Authored by chandlerc on Jul 21 2017, 5:46 PM.

Details

Summary

To understand the motivation of this patch, it is important to consider
that LLVM is remarkably diligent and effective at converting user loops
into memset and memcpy intrinsics. These in fact show up frequently
inside of deeply nested loops, etc. However, when it emits these as
calls to the actual memset and memcpy library functions the cost of
issuing this call can in many cases far outstrip the cost of actually
doing the operation and negatively impact surrounding code. Our analysis
of some benchmarks which hit this shows this comes from a few places:

  1. Calling these library functions requires setting up registers for the calling convention and ends up in practice forcing a surprising number of register reloads if they occur inside of loops.
  2. When using PIC, the call is much more expensive due to the PLT-call pattern, requiring at best a double indirect jump on Linux and BSD systems.

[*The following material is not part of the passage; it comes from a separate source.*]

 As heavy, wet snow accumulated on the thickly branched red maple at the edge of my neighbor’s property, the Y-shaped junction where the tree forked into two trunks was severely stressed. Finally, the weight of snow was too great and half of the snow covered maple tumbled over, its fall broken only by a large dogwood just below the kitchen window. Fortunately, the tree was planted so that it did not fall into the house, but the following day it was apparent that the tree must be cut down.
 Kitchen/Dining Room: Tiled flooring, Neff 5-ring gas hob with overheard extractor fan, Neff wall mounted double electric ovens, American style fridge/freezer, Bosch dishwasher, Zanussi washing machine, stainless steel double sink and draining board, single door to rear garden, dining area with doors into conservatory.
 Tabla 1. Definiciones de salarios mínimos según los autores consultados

For older x86 processors this was unavoidable. But modern processors
provide very fast instruction pattern support for implementing these
library functions in many (if not quite all) cases. Starting with
Ivybridge, there seems to be no point in using the library functions
with well aligned buffers (alignment of 16-bytes or better), and even
starting with Nehalem, they seem superior to PLT library function calls.

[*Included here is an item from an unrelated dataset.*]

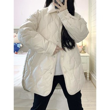 點我下載冬季新款羽絨服女中長款輕薄襯衫領翻領時尚百搭2024寬松休閑外套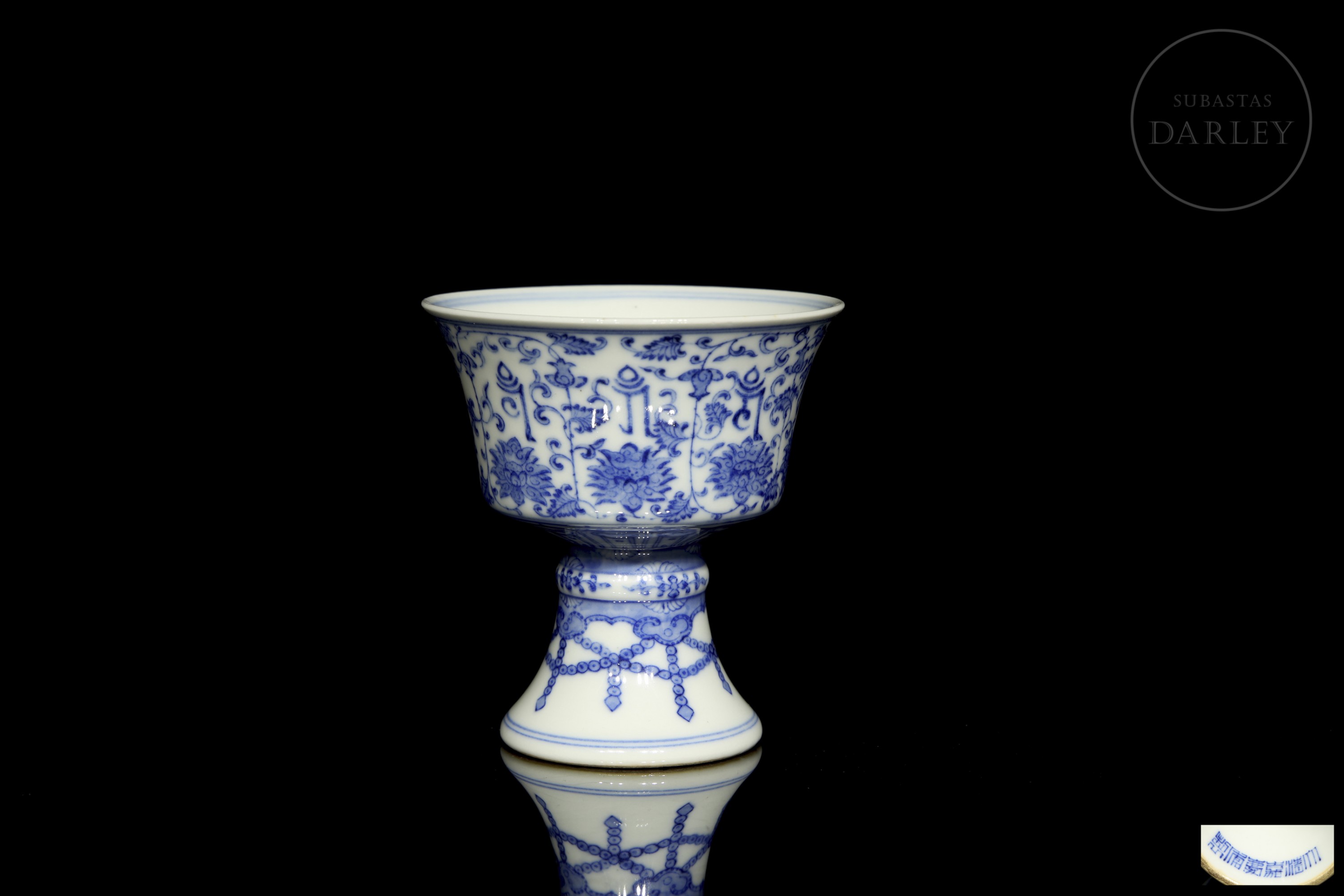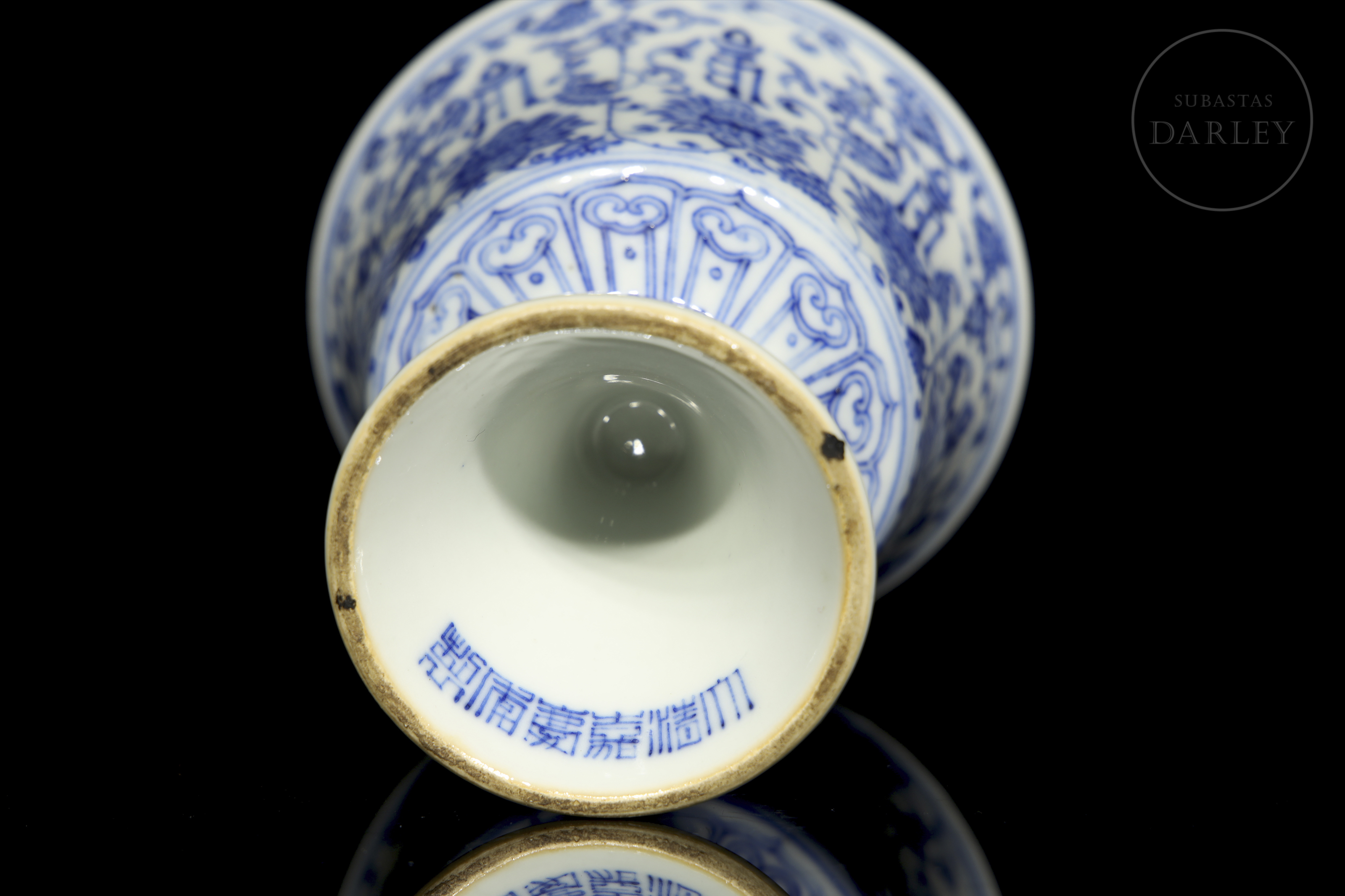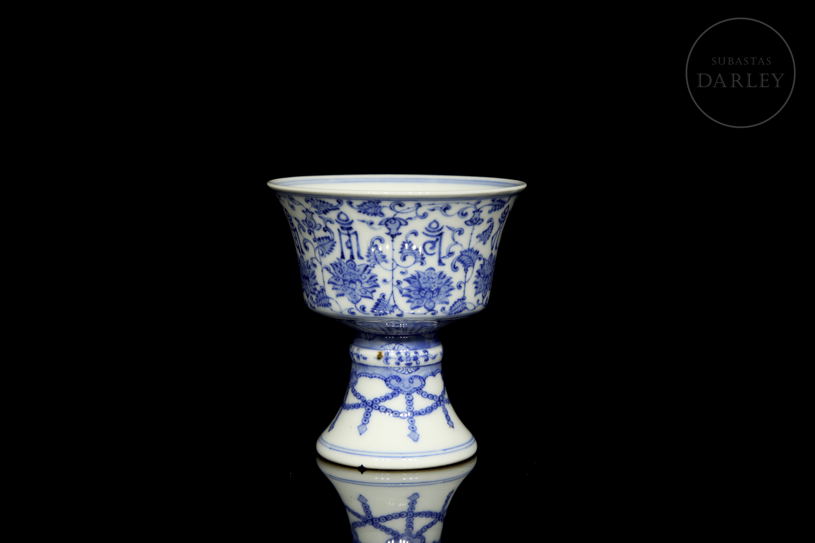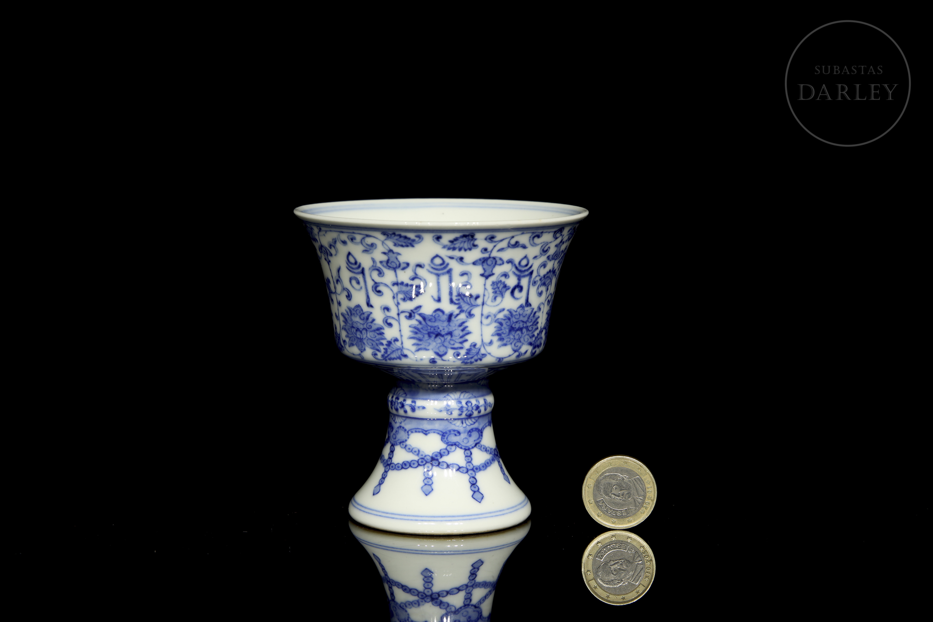 Pequeña copa de porcelana esmaltada en azul y blanco bajo vidriado. Posee una morfología de copa profunda con paredes acampanadas, asentada sobre un pie alto y esbelto de forma ligeramente bulbosa. Está decorada en el exterior con motivos de flor de loto, colgantes, ruyis y caracteres auspiciosos, mientras que el interior está esmaltado en blanco liso. En la base se dispone un sello bajo vidriado "大清嘉庆年制" en azul.

It is also possible to carefully fold size scaling into these sequences
which helps avoid generating extra scaling code when we are in fact
emitting code for user loops that were written at 4-byte or 8-byte
granularity.

Naturally, this is a pretty significant change. I'm still running
benchmarks on various architectures to confirm that this direction makes
sense, but more insight from Intel and other x86 hardware experts would
be really welcome here to make sure we're picking reasonable tradeoffs.
I'm starting here with a very aggressive version of the patch so I can
find where it *does* regress, and we can back off until it looks
reasonable.

Given that Sandybridge is now over 4 years old and the growing density
of Ivybridge or newer processors in the world, I think it may be
reasonable to be somewhat aggressive in this lowering even if the
performance on older processors isn't ideal.

One interesting question is whether rep+movs{w,d,q} and rep+stos{w,d,q}
are as well tuned as rep+movsb and rep+stosb and the descaled versions
are actually reasonable. Craig has indicated they may not be, and I'm hoping to
confirm one way or the other when benchmarking.

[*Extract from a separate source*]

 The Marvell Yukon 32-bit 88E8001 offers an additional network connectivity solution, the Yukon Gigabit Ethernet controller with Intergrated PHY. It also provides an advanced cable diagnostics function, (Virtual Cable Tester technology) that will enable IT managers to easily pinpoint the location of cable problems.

The test case added also exposes some annoying problems with codegen of
these instructions that should also be addressed.

Last but not least, in many cases the pattern to match the scaling here
will not fire because currently LLVM has a bad bug that causes it to
much more often than necessary scale using a more complex pattern of
math. I'm going to work to address that in a separate patch as it
appears to be a middle-end issue.

Event Timeline

chandlerc created this revision.Jul 21 2017, 5:46 PM
echristo added inline comments.Jul 21 2017, 5:58 PM
lib/Target/X86/X86.td
287

"too high of a cost"

lib/Target/X86/X86SelectionDAGInfo.cpp
73

Comment please on what this is for :)

115

Ditto.

164–171

This seems like this all wants to be subsumed in a couple of different checks?

i.e. I don't think with the rep str ops that the max inline size threshold is as important anymore. I worry that we don't actually care about whether or not pic here and should probably just use the inline expansion either way.

319–327

Ditto.

davidxl edited edge metadata.Jul 22 2017, 12:04 AM

Do you have more benchmark numbers? For reference, here is GCC does (for sandybridge and above) for mempcy when size profile data is available:

  1. when the size is <= 24, use 8 byte copy loop or straightline code.
  2. when size is is between 24 and 128, use rep movsq
  3. when size is b above that, use libcall

It is an interesting idea to consider PLT overhead here, but is there a better way to model the cost?

I worry that without profile data, blindly using rep movsb may be problematic. Teresa has a pending patch to make use value profile information. Without profile, if size matters, perhaps we can guard the expansion sequence with size checks.

Also if the root cause

craig.topper edited edge metadata.Jul 22 2017, 3:17 PM

I believe prior to Ivy Bridge the Intel optimization manual indicates that rep movsb/stosb was only optimized to handle 1-3 bytes. Specifically to be used to handle the remainder portion in conjunction with rep+movsd to handle the rest.

lib/Target/X86/X86.td
287

Should this mention that the byte version is still terrible here?

301

Was that supposed to be W/D/Q?

547

Have you collected the data to verify this? Should we go ahead and commit this independent of this patch?